Manuel Mallia really does have a problem with noughts

Published: November 20, 2013 at 12:49am

Perhaps he should count that cash in his mattress again. It might be just Eur50,000 and he’ll have over-declared by Eur450,000.

We all know by now that he thinks a billion is a hundred million, which is why he wasn’t that impressed by Malta’s Eur1.2 billion EU package.

But this evening on TVM’s Times Talk he showed that he can’t differentiate between millions and hundreds of thousands, either. “Enemalta is Eur800,000 in the red,” he said.

Oh really? So what’s all the fuss about?

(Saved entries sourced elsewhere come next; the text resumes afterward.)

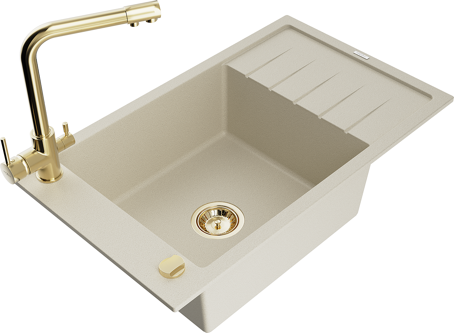 Мивка от гранит Mexen Elias с 1 отделение, отцеждачка и кухненски смесител Duero, бежов - 6511-69-671600-50
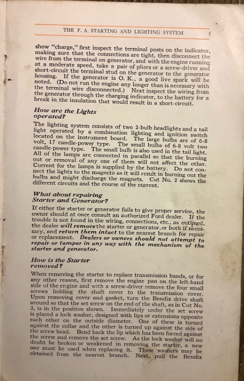 Fred Allison at Ford electrical engineering department worked with Liberty Electric Company in the initial design and implementation of FA Liberty Starting and Lighting System for the Model T. Most of these early units had minor differences that are not fully documented in Fords engineering prints and Record of Change change system.
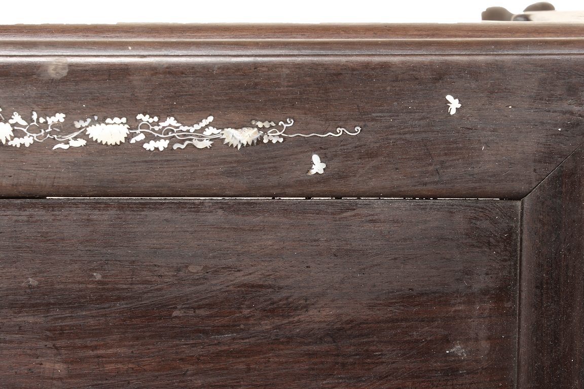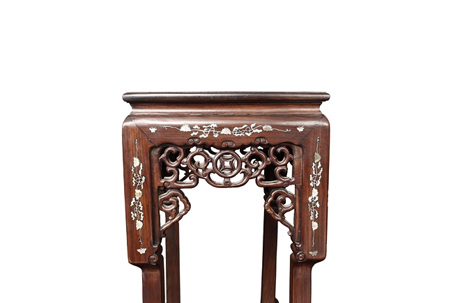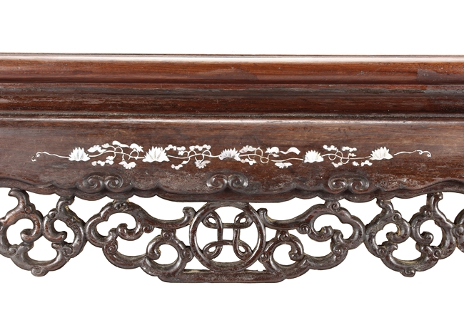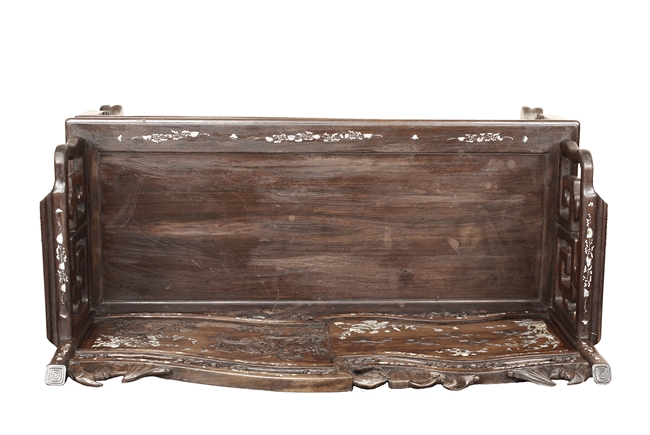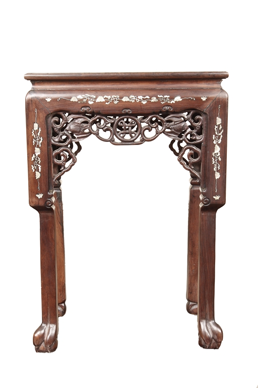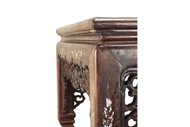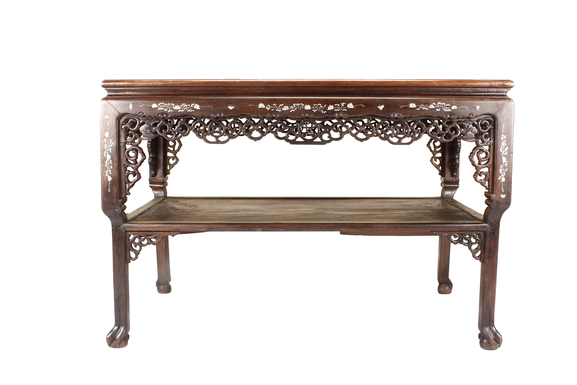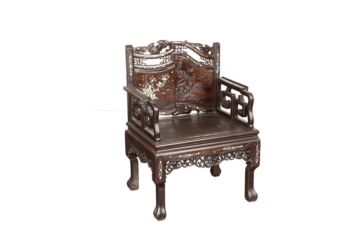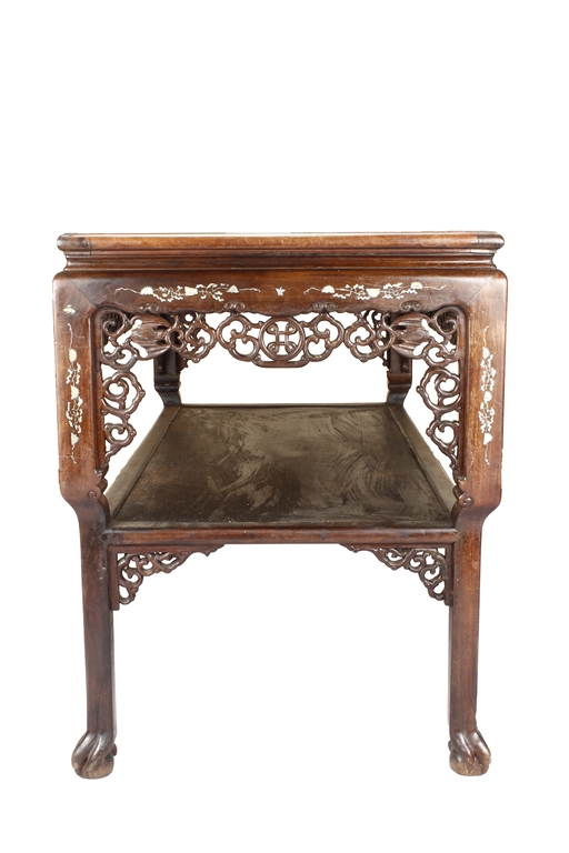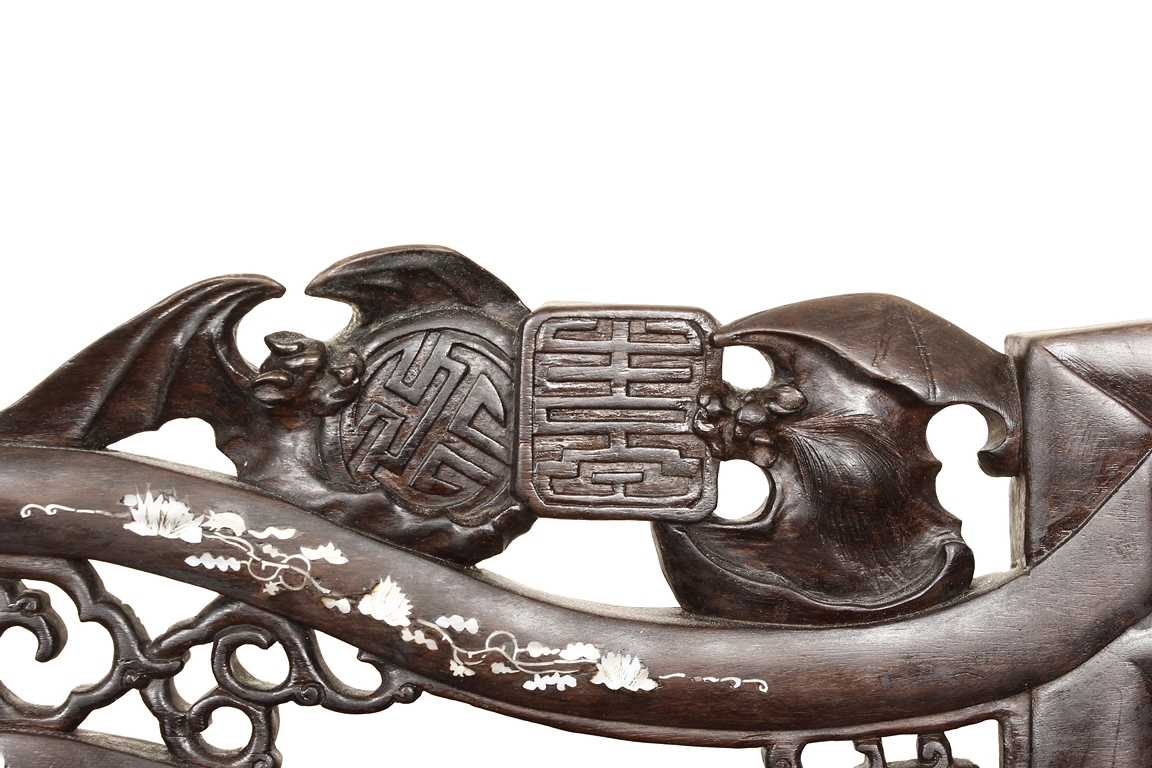 The furniture set includes four long seats, two chairs, two stands, and one table. The single piece wood table surface inset with mother-of-pearls, depicting butterflies and swallows flying near a large tree next to blossoming flowers, within a rectangular pattern, the apron pierce carved in ruyi cloud, bats, and coin shapes, another supporting board below, attached to four feet, with additional carved aprons at the corners, all stands on tapered in beast legs. The stand exhibits similar design and motif as the table, but without the supporting wooden board. The long seats and chairs have slightly differing design, the front with stylistically carved and embellished back rest depicting either cranes flying past lotus flowers and bamboo trees, between five pierce carved bats and floral patterns, the apron carved with bats and ruyi clouds, attached to beast legs. Includes Certificates of Antiquity issued from Kin Fat Antiques Curios & Woodenware Co., dated 1987. Qing Dynasty Period.
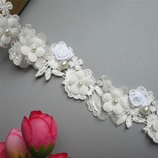 Measures 1.8 metres length and 4 cm width delicate white lace trim with rose petals and pearl details Material composition: vintage embroidered fabric trim with intricate rose patterns and beaded accents along the edge VERSATILE APPLICATIONS Perfect for wedding dress embellishments, craft projects, card making and clothing decoration Design Features Elegant scalloped edge with detailed rose petal motifs and pearl embellishments in classic white color SEWING FRIENDLY Fabric trim can be easily attached using standard sewing techniques for various decorative applications › See more product details
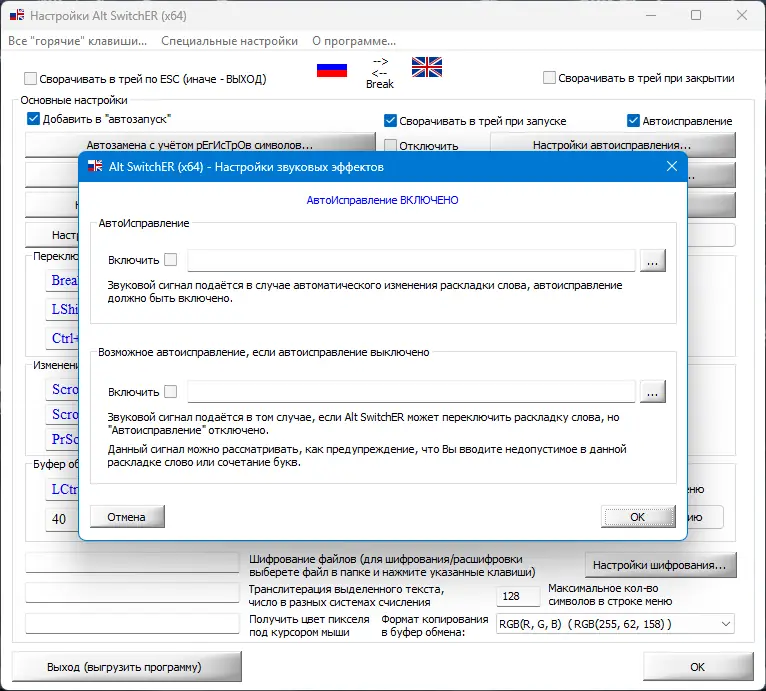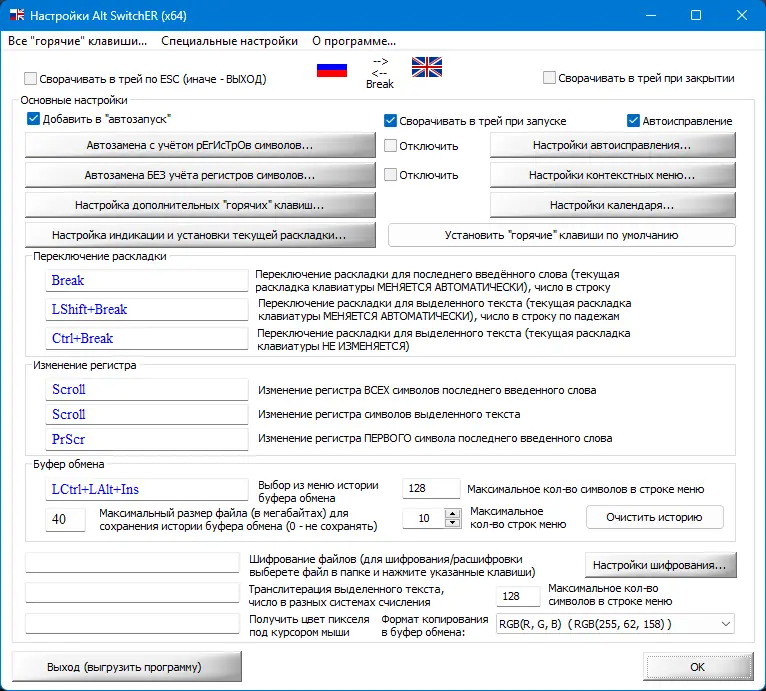 Для начала работы необходимо распаковать архив и запустить соответствующий исполняемый файл в зависимости от разрядности системы. После запуска в системном трее появляется иконка-флаг, отображающая текущую раскладку. Все настройки осуществляются через контекстное меню программы, доступное по клику правой кнопкой мыши на иконке. Пользователь может добавлять собственные сокращения, настраивать формат дат, управлять поведением пробела и задавать макросы для URL-запросов. Например, можно настроить передачу выделенного текста в поисковую строку или переводчик, используя шаблон с параметром []. Также доступна возможность шифрования файлов и настройки цветовых форматов копирования. Подробное руководство инструкция по настройке встроено в интерфейс и доступно в виде подсказок и описаний в каждом разделе.

Shouldn’t that be Eur800 million? (Handy household hint: another Eur200 million and it will be a billion).

Perhaps at this stage we should wonder whether he meant to price Maltese passports at Eur6.5 million, but inadvertently dropped a nought in his notes to Henley & Partners.




33 Comments Comment

  1. ciccio says:

    And what about this news?

    http://www.independent.com.mt/articles/2013-11-19/news/opposition-voting-against-incentives-for-families-pm-3240165376/

    “Prime Minister Joseph Muscat this evening hinted that he would not shy away from a referendum on the ‘citizenships for sale’ scheme, insisting that he was never afraid of the people’s judgement.”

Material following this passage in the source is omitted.